* What needs to be done: Below is a listing; retype exactly the lines between the one containing "Set X 2 Visillos" and the one containing "These hair sticks", inclusive, minus the pictures.

* Source data:
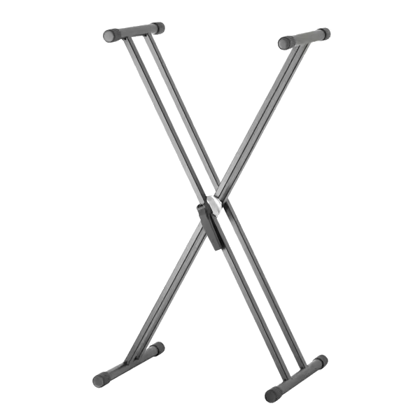 Soporte estable para teclado con doble refuerzo de sección cuadrada y ajuste rápido. Patas de goma de alta calidad.
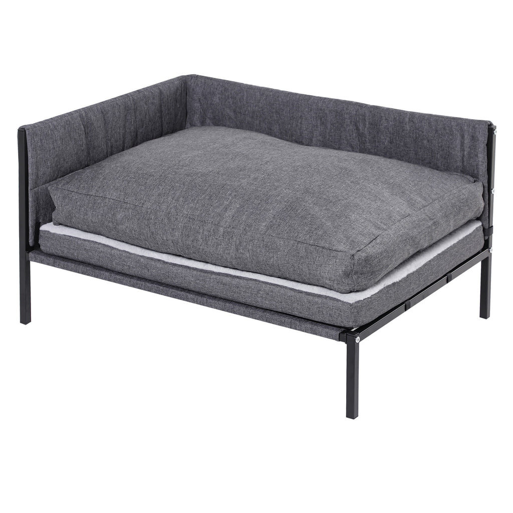 Schaffen Sie eine gemütliche Ecke, in der sich Ihr Hund für ein Nickerchen einkuscheln kann! Diese Hundehütte ist für Haustiere bis 35 kg konzipiert und bietet ihnen allen Komfort, den sie brauchen. Es hat gepolsterte Kissen, die mit grauem Polyester bezogen sind, sehr weich und perfekt zum Entspannen. Die Struktur besteht aus schwarz lackiertem Stahl und ist erhöht: Dies begünstigt die Luftzirkulation und hält Ihren großen Hund immer kühl.
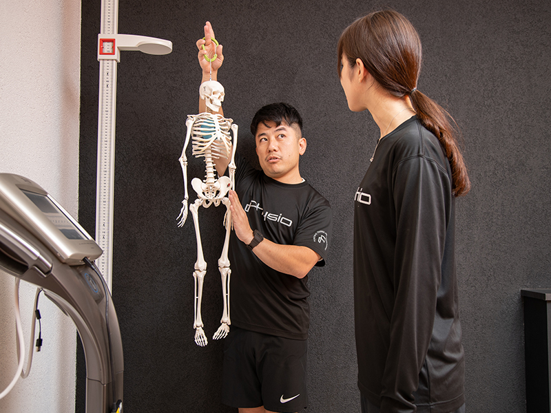 次に初期評価! 呼吸や姿勢、動作など普段行っている仕草を評価し問題点を発掘します。
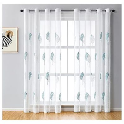 Set X 2 Visillos Blancos Bordados Hojas Blancas Turquesa 140x230 Cm | Falabella
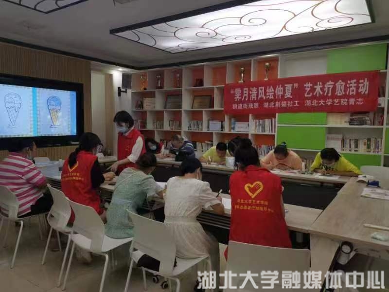 2022年7月22日,室外骄阳似火,粮道街胭脂路党群服务中心的屋子里志愿者们热情似火,必赢中国官方网站艺术学院的大学生志愿者正在为该街道的数位阳光学员(残障人士)开展“艺术梦工厂”绘画疗愈志愿服务,这是该志愿服务团队阳光助残行动的暑期社会实践内容之一。
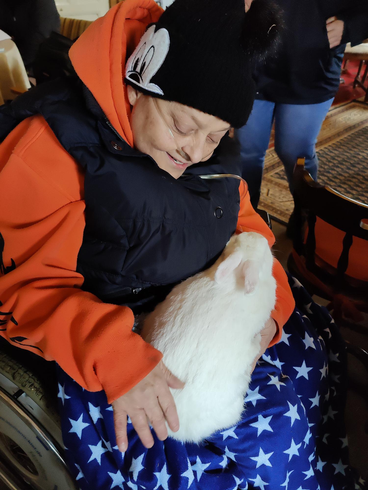 Nach dem Kuhstall ging es noch ein kleines Stückchen mit den Eseln Marielou und Janka an der Leine Richtung Weide, bevor wir uns auf den Weg zurück in die Scheune machten, wo wir uns am warmen Bollerofen ein wenig aufwärmten und Tatjana mit „Schneeflocke“ auf dem Schoß ganz versunken das weiche, warme Fell des Kaninchens genoss.
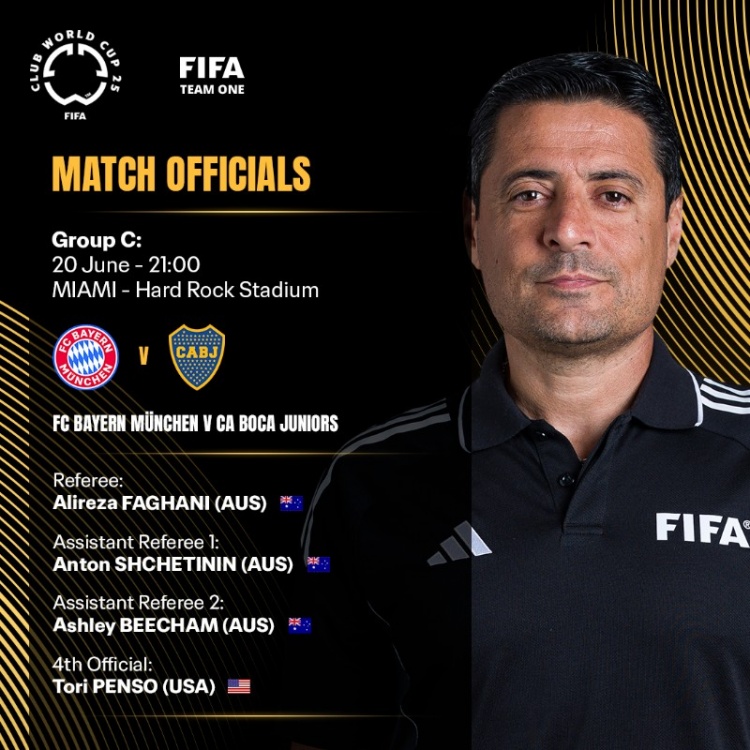 6月19日讯 FIFA官方公布世俱杯(当地时间)20日四场比赛裁判安排,马宁为弗拉门戈vs切尔西一役第四官员,法加尼执法拜仁vs博卡。
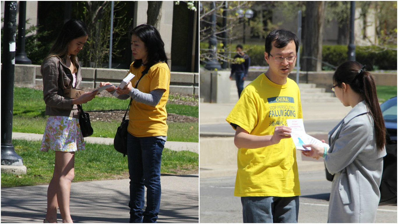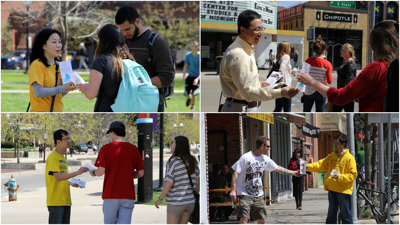 ![]() 密西根大学校园内,民众签名声援反迫害 |
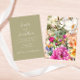Ange tonen för ett romantiskt vår firande med den här inbjudan till blommigt om grönt. Framsidan har modern manustypografi i mjuk grönt, medan baksidan visar en pulserande blomning i trädgårdblommor. Anpassa med dina uppgifter om bröllop för att skapa ett vackert första intryck för dina gäster.
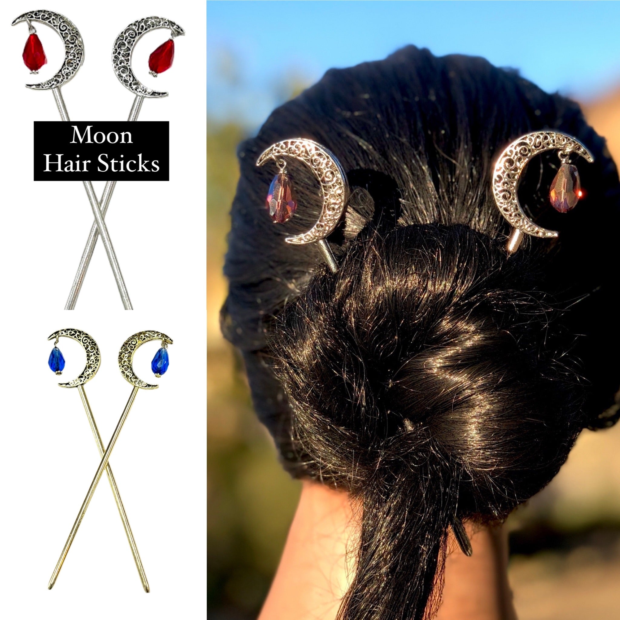 These hair sticks combine function and celestial charm, making them perfect for boho fashion, festival styles, or anyone who loves moon-inspired jewelry.
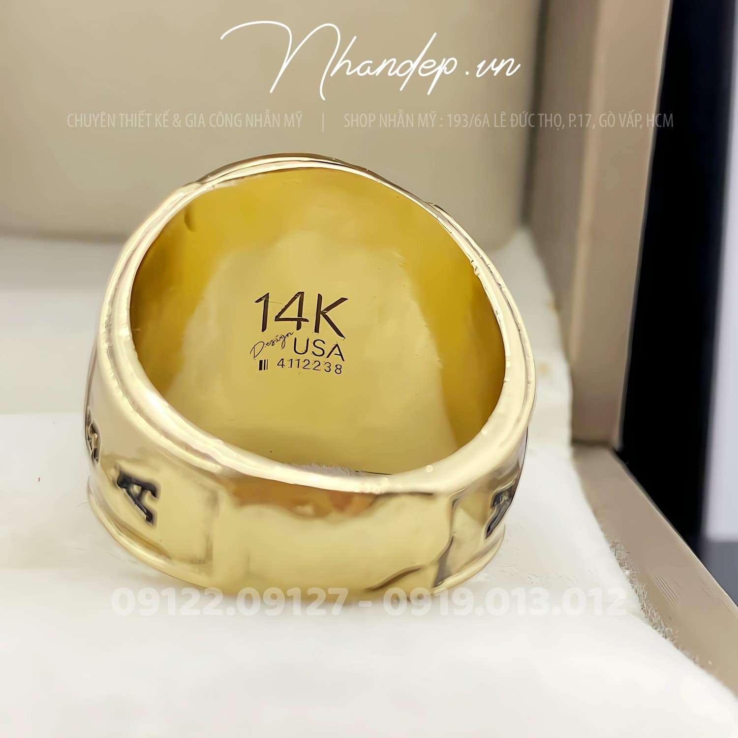 - Nhẫn được đúc từ hợp kim màu vàng độc quyền do shop tự phát triển. Không shop nào khác có, chuyên dùng để đúc nhẫn Mỹ. Cam kết nhẫn không bạc màu, sắc nét, nhìn như vàng thật, đúc được những mẫu nhẫn Mỹ cực khó.
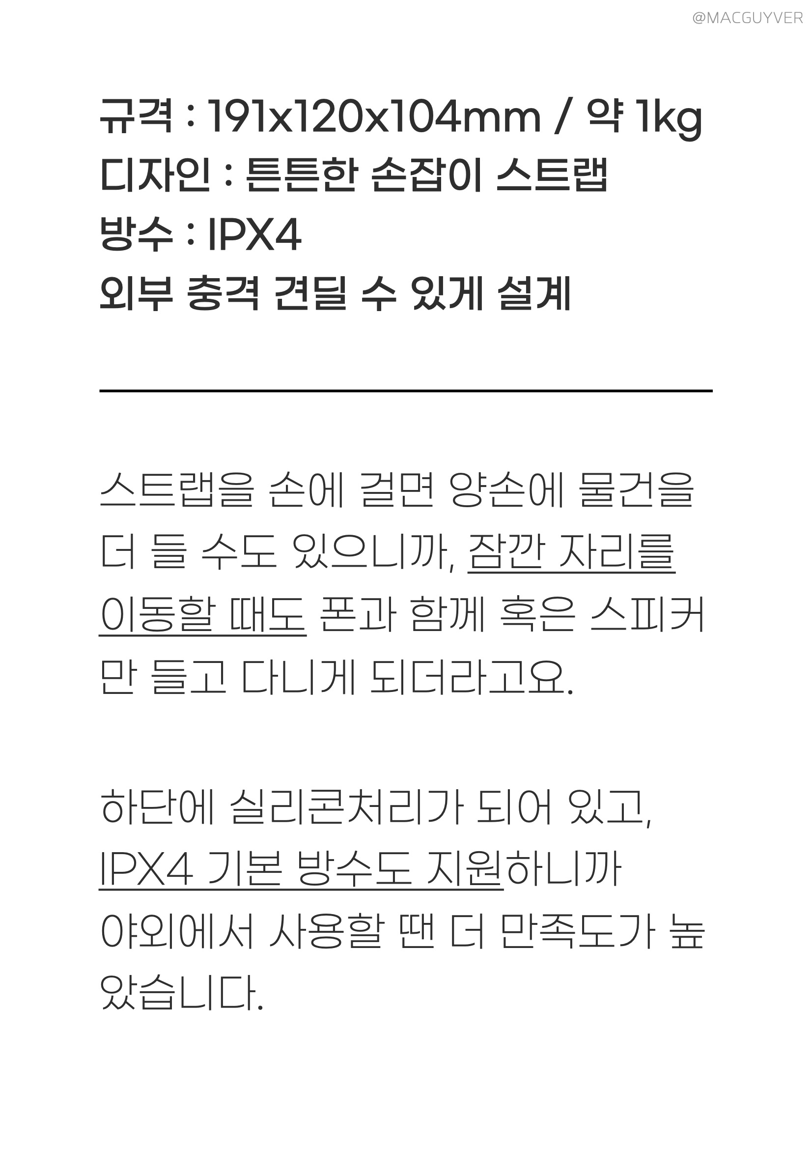 Bose 사운드 스펙_ :: 고효율, 고출력 트랜스듀서가 아래쪽 어쿠스틱 디플렉터로 향해 ‘360도 전 방향으로 균일하고 풍부한 사운드’ 실현 :: 오디오 성능을 최대로 발휘하도록 정교하게 제작된 이음새 없는 양극 산화 처리된 알루미늄 외관에 쌓여진 원통형 디자인 :: 블루투스스피커추천 세 개의 수동 라디에이터로 진동 표면적을 증가시켜 깊이 있는 베이스 전달 휴대성 이름은 ‘홈’인데 휴대성이 왜이렇게 좋을까 생각해봤는데요. 보통 이정도 소리를 낼 수 있는 스피커는 집에서 이곳저곳으로 들고 다닐 수가 없죠. 음악을 듣기 위해 내가 스피커가 있는 방으로 가는 게 아니라, 내가 가는 곳마다 고음질 사운드를 들을 수 있게 해주겠다는 컨셉인 것 같아요. Bose Portable Home Speaker 홈캉스에 적합한 디자인인거죠. 보스 포터블 홈스피커 규격 : 191x120x104mm / Bose 약 1kg 디자인 : 튼튼한 손잡이 스트랩 방수 : IPX4 외부 충격 견딜 수 있게 설계 스트랩을 손에 걸면 양손에 물건을 더 들 수도 있으니까, 잠깐 자리를 이동할 때도 폰과 함께 혹은 포터블 홈스피커만 들고 다니게 되더라고요. 보스 포터블 홈스피커 하단에 실리콘처리가 되어 있고, IPX4 기본 방수도 지원하니까 야외에서 사용할 땐 더 만족도가 높았습니다.
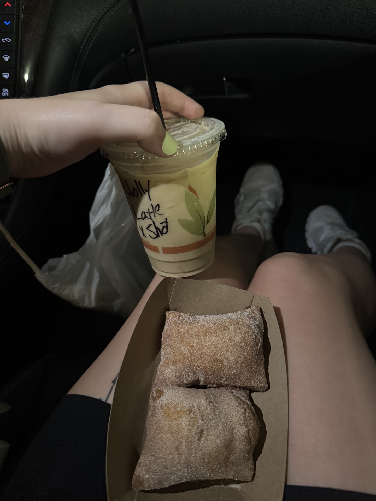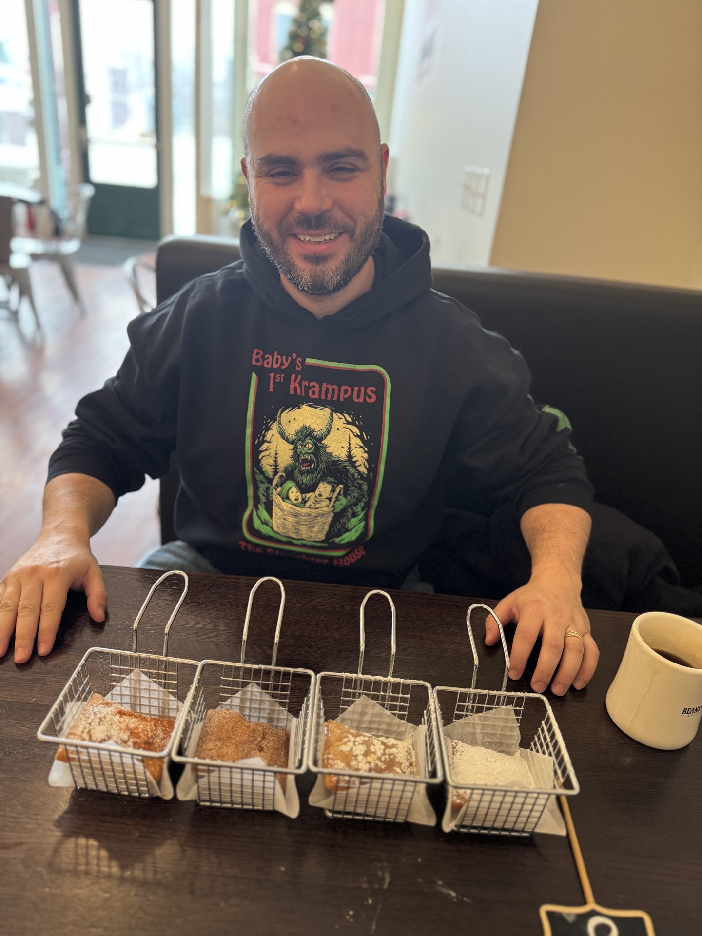 Right away, we were greeted by the friendliest staff. They had four different flavors of beignets. Mind you, I’m an old soul and typically go for the classic powdered sugar. However, this time, we tried one of each. There was, of course, the classic powdered sugar, but they also had one with a lemon glaze, one with cinnamon sugar, and, last but not least, the dark horse: a spicy powdered sugar topped with chili powder and hot honey. They all turned out phenomenal.
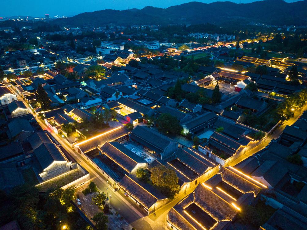 ↑这是夜色中的宁波慈城古县城古建筑群(无人机照片,7月10日摄)。
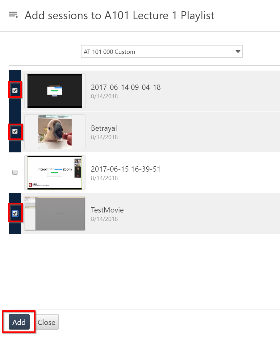 7. Choose the videos you want to add to the playlist by selecting the checkbox on the left side of the video.

* Expected answer:
 Set X 2 Visillos Blancos Bordados Hojas Blancas Turquesa 140x230 Cm | Falabella
 2022年7月22日,室外骄阳似火,粮道街胭脂路党群服务中心的屋子里志愿者们热情似火,必赢中国官方网站艺术学院的大学生志愿者正在为该街道的数位阳光学员(残障人士)开展“艺术梦工厂”绘画疗愈志愿服务,这是该志愿服务团队阳光助残行动的暑期社会实践内容之一。
 Nach dem Kuhstall ging es noch ein kleines Stückchen mit den Eseln Marielou und Janka an der Leine Richtung Weide, bevor wir uns auf den Weg zurück in die Scheune machten, wo wir uns am warmen Bollerofen ein wenig aufwärmten und Tatjana mit „Schneeflocke“ auf dem Schoß ganz versunken das weiche, warme Fell des Kaninchens genoss.
 6月19日讯 FIFA官方公布世俱杯(当地时间)20日四场比赛裁判安排,马宁为弗拉门戈vs切尔西一役第四官员,法加尼执法拜仁vs博卡。
 ![]() 密西根大学校园内,民众签名声援反迫害 |
Ange tonen för ett romantiskt vår firande med den här inbjudan till blommigt om grönt. Framsidan har modern manustypografi i mjuk grönt, medan baksidan visar en pulserande blomning i trädgårdblommor. Anpassa med dina uppgifter om bröllop för att skapa ett vackert första intryck för dina gäster.
 These hair sticks combine function and celestial charm, making them perfect for boho fashion, festival styles, or anyone who loves moon-inspired jewelry.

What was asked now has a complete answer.